Either way, I feel generators need to protect the people trying to help you. The product mike presented does that.

This one doesn’t provide protection? I feel it does from what I’ve read. Correct me if I’m wrong...
 
This one doesn’t provide protection? I feel it does from what I’ve read. Correct me if I’m wrong...
I can’t answer that. I didn’t read all the info. I can tell you that power will find the least resistance in any open loop. I’ll read more on it when I get chance, might be a few days.
 
Correct, you should be boxed in with grounds at all times. Lots of different variables happen and it’s something I just prefer to stay away from. I feel I’ve done my service to the American people and I’m over it. I don’t want to see someone get fried or get fried.

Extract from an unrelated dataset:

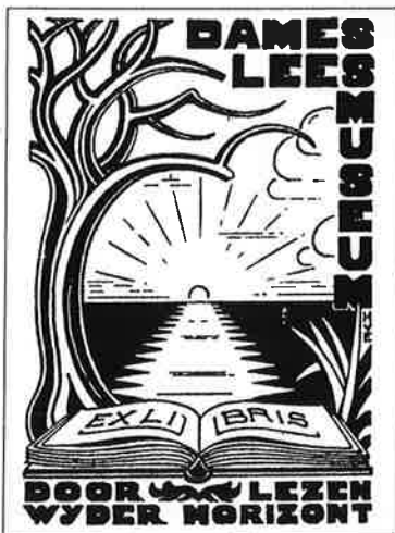
Het Ex Libris van het Damesleesmuseum werd in 1934 door Hein von Essen ontworpen.

Bij de oprichting van het Damesleesmuseum in 1884 werd bewust gekozen voor het woord 'dame' in de titel: het was, zo vond men, immers veel toepasselijker dan 'vrouwen'. Dames waren verfijnde en beschaafde vrouwen. Een aantal van hen was gelukkig in een leven vol mondaine pretjes, maar sommigen verlangden naar ontwikkeling en cultuur. Het was buitengewoon ongelukkig dat de bestaande leesgezelschappen geen toegang boden aan vrouwen, anders dan als echtgenote van of dochter van. Openbare bibliotheken waren er toen nog niet. De oplossing was even eenvoudig als gewaagd: er zou een eigen bibliotheek voor dames moeten komen, waar men in alle rust boeken en tijdschriften kon raadplegen en lenen.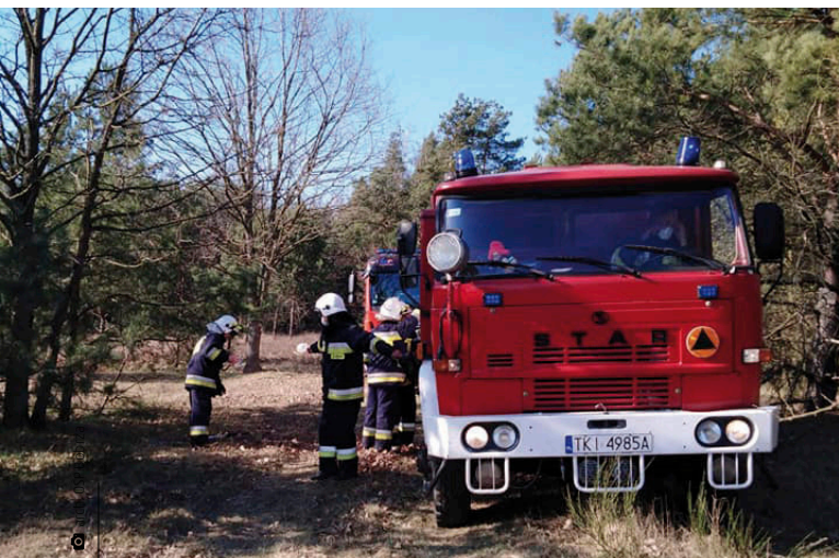
Strażacy z jednostki w Bobrzy podczas akcji gaszenia pożycia leśnego, którego przyczyną było wypalanie traw na pobliskiej łące

Either way, I feel generators need to protect the people trying to help you. The product mike presented does that.

Shitty situation for sure. When I was at AEP i was a desk jocky IT guy. But when you work for a power company you're all power company men. I had to take annual training on line components and safety. Then was "volunteered" for storm duty. Lucky for me that's the year we had that derecho wind. There i was zooming around in a company truck with a V-watch and hazard tape marking downed lines and calling back components to dispatch for the crews. Poles, transformers, cut outs, insulators, line length etc so the trucks could show up with what they needed on-hand. The first few days we're fine. On day three people started getting shitty. Great fun being the first AEP truck a person has seen in 3 days and having to explain that no I am not the guy that's going to fix it, and no i can't tell you when that will actually happen. Only had to turn and bunny hop back once and that was enough for me. Fuck you where's my desk. 😅
 
Shitty situation for sure. When I was at AEP i was a desk jocky IT guy. But when you work for a power company you're all power company men. I had to take annual training on line components and safety. Then was "volunteered" for storm duty. Lucky for me that's the year we had that derecho wind. There i was zooming around in a company truck with a V-watch and hazard tape marking downed lines and calling back components to dispatch for the crews. Poles, transformers, cut outs, insulators, line length etc so the trucks could show up with what they needed on-hand. The first few days we're fine. On day three people started getting shitty. Great fun being the first AEP truck a person has seen in 3 days and having to explain that no I am not the guy that's going to fix it, and no i can't tell you when that will actually happen. Only had to turn and bunny hop back once and that was enough for me. Fuck you where's my desk. 😅
I prefer the shuffle method.
 
From an inspection:
Back fed 40 amp breaker with no interlock protection and undersized wires to the generator plug. The occupant that did this said he took electrical in vocational school. Off topic, this was one of the best inspections for electrical hacks that I have seen yet.